Required work: An exact copy of the records is needed; please leave the images out.

Task input:

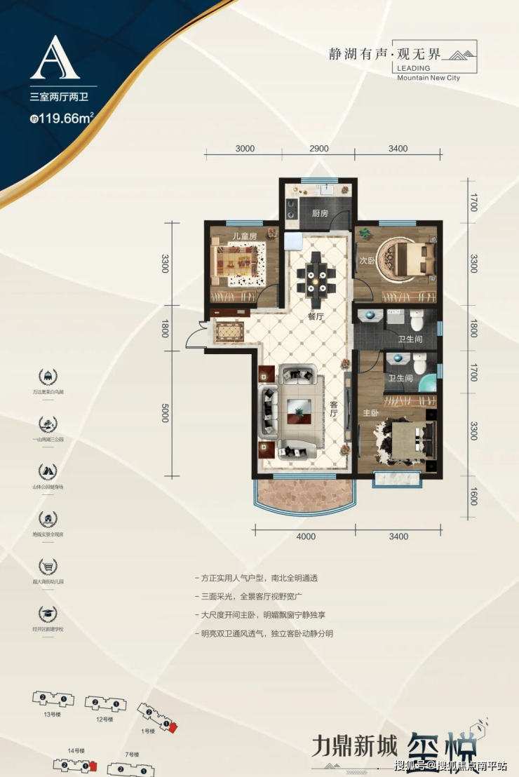 主力户型:100㎡(3室2厅1卫)、120㎡(3室2厅2卫)
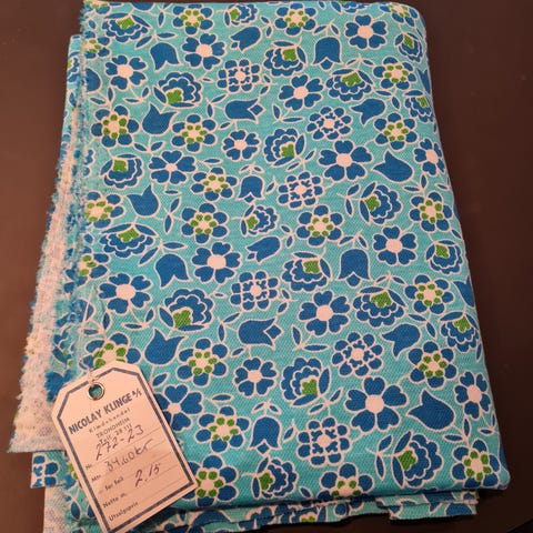 Selger et nydelig, kraftig stoff i polyester, bomull og akryl. Kjøpt på tidlig 2000-tallet. Perfekt til interiørprosjekter, puter, vesker.
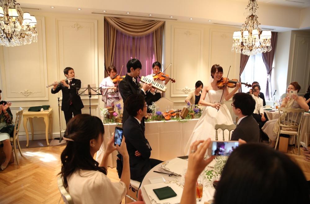 ゲスト皆様も音楽関係の為、音の反響が綺麗な披露宴会場を利用して演奏会のような素敵な披露宴に。演奏しながら入場するなど多彩な演出をなさいました。
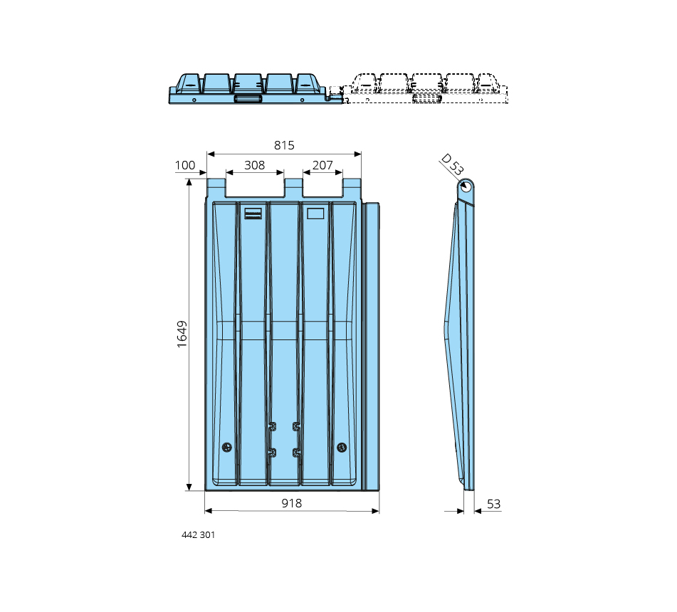 918x1649mm, left, plastic, divided/overlapping, black
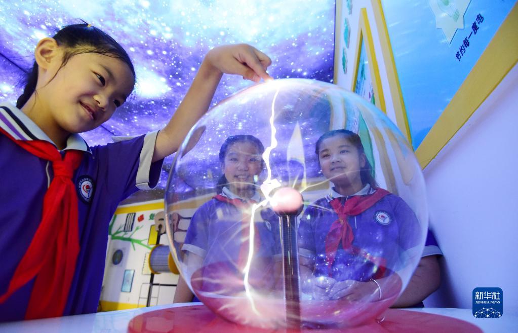 9月16日,河北省邯鄲市叢臺區(qū)叢陽小學(xué)的學(xué)生在校園科技館體驗(yàn)“輝光球”。

The answer:
 主力户型:100㎡(3室2厅1卫)、120㎡(3室2厅2卫)
 Selger et nydelig, kraftig stoff i polyester, bomull og akryl. Kjøpt på tidlig 2000-tallet. Perfekt til interiørprosjekter, puter, vesker.
 ゲスト皆様も音楽関係の為、音の反響が綺麗な披露宴会場を利用して演奏会のような素敵な披露宴に。演奏しながら入場するなど多彩な演出をなさいました。
 918x1649mm, left, plastic, divided/overlapping, black
 9月16日,河北省邯鄲市叢臺區(qū)叢陽小學(xué)的學(xué)生在校園科技館體驗(yàn)“輝光球”。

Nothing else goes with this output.